India is the most diverse, dynamic cultural festival I have ever seen in the world--good and bad. This country has not been culturally defoliated as China was.... India's a bit of a mess and a bit chaotic. But if you believe as I do that people do not live by the NASDAQ alone, that they also need things like family, religion, culture, history, and values, then in a sense India is a more coherent society in its incoherent way. It has its self still intact, whereas China has cancelled itself so many times that it doesn't know what it is.

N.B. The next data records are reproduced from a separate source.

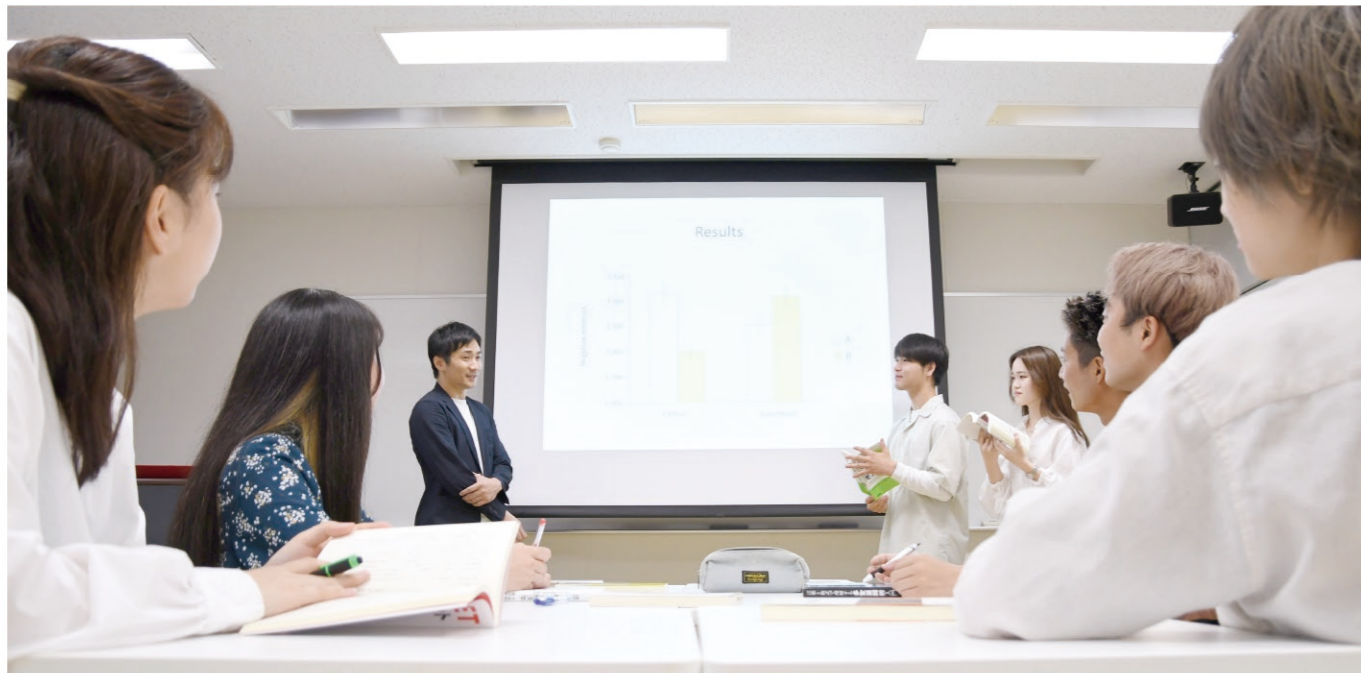
※新型コロナウイルス感染拡大状況においては、マスク着用や座席間隔の確保、教室の消毒などの感染予防対策を取りながら授業を行っています。

心理学コースでは、心理学の基礎から応用まで、幅広くかつ専門的に学びます。人間の心と行動を科学的に理解するための基礎的知識を身につけ、そこからさらに心の健康に関する実践的スキルや消費者心理などの実用的スキルを修得するカリキュラムが用意されています。人間の心と行動への深い理解に基づき、地域の様々な心理的問題の解決に貢献できる人材と、産業やビジネスに心理学的側面から貢献できる人材の育成を目指します。また、公認心理師受験資格を得られる教育体制・カリキュラムを整えています。
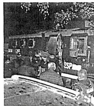
En un vehículo blindado fueron trasladados los detenidos

Integrantes de esta banda se les vincula con venta de droga, secuestro y extorsión
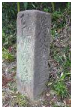
(「左あきはみち」の文字)
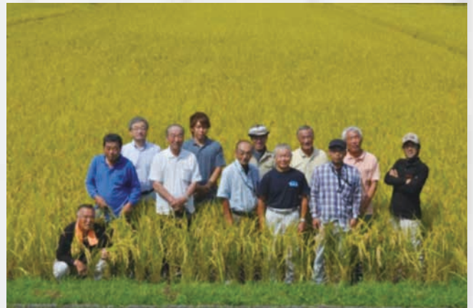
島の香り隠岐藻塩米生産者の皆さん
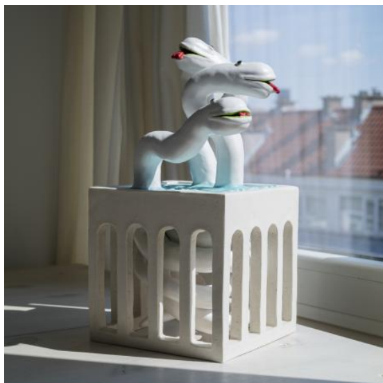
Temple statue of White Snakes, 2024 Ceramics, 14,5 cm x 14,5 cm x 28,5 cm
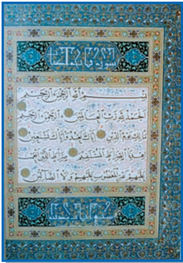
تصویر ۳-۲۵ - خط نسخ - شمس‌الدین بایسنقری - ۲۵×۳۵ cm - (قرن ۹) - هرات

نسخ: نمادی از قرآن کریم است و دارای خصوصیتی چون سادگی، صراحت، قدرت، جدیت، قداست، معنویت، پایداری، اعتماد و دانش است.
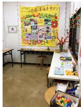
↑サロン紹介コーナー
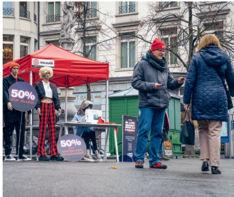
Am Zürcher Paradeplatz verteilten wir Flyer für die Abschaffung des Black Friday an die Passant*innen.

India is a profound cultural experience. It also has a much more relaxed attitude toward the outside world. It's not fraught with pugnacity. It has a huge cheap labor force and a very good education system. It's an English-speaking country for educated people. Yes, the transportation system isn't great. There are terrorists. There's some real strife. But India is going to be a great experiment. It's democratic, albeit with major failings. It's been in transition ever since the 1940s, when India became independent.

Asia scholar and journalist Orville Schell is dean of the UC Berkeley Graduate School of Journalism.